### Instructions to follow
Omit any picture, and return the remaining data exactly as written.

### Data
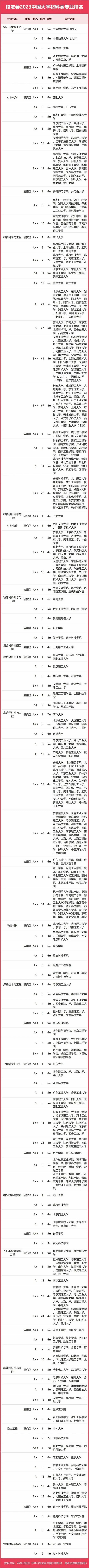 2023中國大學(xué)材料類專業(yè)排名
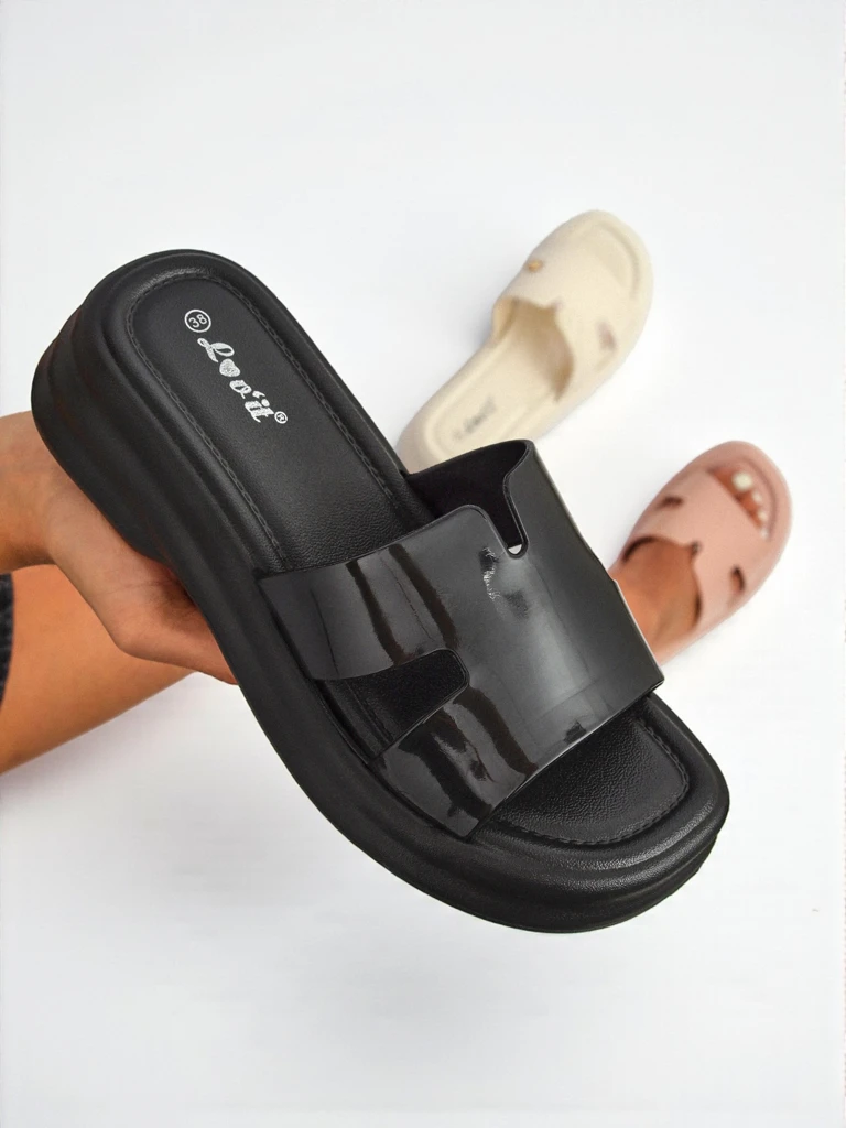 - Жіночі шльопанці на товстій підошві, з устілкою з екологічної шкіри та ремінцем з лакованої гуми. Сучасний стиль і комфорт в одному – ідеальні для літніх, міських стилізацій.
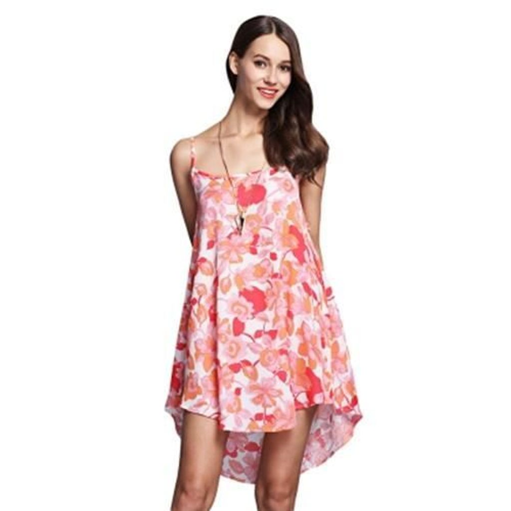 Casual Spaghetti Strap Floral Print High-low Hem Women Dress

### Reply
 2023中國大學(xué)材料類專業(yè)排名
 - Жіночі шльопанці на товстій підошві, з устілкою з екологічної шкіри та ремінцем з лакованої гуми. Сучасний стиль і комфорт в одному – ідеальні для літніх, міських стилізацій.
 Casual Spaghetti Strap Floral Print High-low Hem Women Dress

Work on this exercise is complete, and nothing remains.